** Supplied information follows **

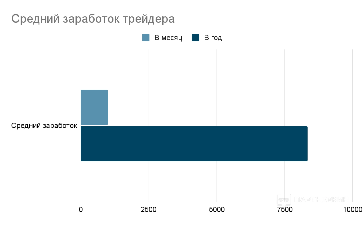 Занимаясь трейдингом, вы можете зарабатывать гораздо больше, чем на обычной работе. Согласно исследованию, проведенному компанией Forex Bonuses, 80% трейдеров зарабатывают более $1 000 в месяц, а 25% из них зарабатывают более $10 000 в месяц. Кроме того, средний доход трейдера на фондовом рынке составляет около $100 000 в год.
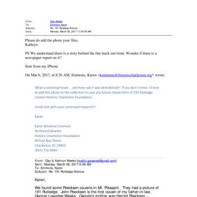 191 Rutledge was a two-story frame Victorian house that was the home of J.N. (John N.) Peecksen, a successful Charleston grocer, in the early 20th century. The house was demolished in 1968 for the construction of the headquarters of the Charleston Baptist Association and Baptist Student Center. It is now the location of the offices of Charleston Cardiology.Collection
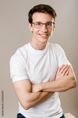 Young, confident production worker wearing glasses and a shirt sits on a grey background with his hands crossed on his chest and a nice, trusting smile looking at the camera.

** End of Supplied information **

The lines from the one containing "191 Rutledge was" to the end of the material must be output exactly, both ends included; no picture may appear.

 191 Rutledge was a two-story frame Victorian house that was the home of J.N. (John N.) Peecksen, a successful Charleston grocer, in the early 20th century. The house was demolished in 1968 for the construction of the headquarters of the Charleston Baptist Association and Baptist Student Center. It is now the location of the offices of Charleston Cardiology.Collection
 Young, confident production worker wearing glasses and a shirt sits on a grey background with his hands crossed on his chest and a nice, trusting smile looking at the camera.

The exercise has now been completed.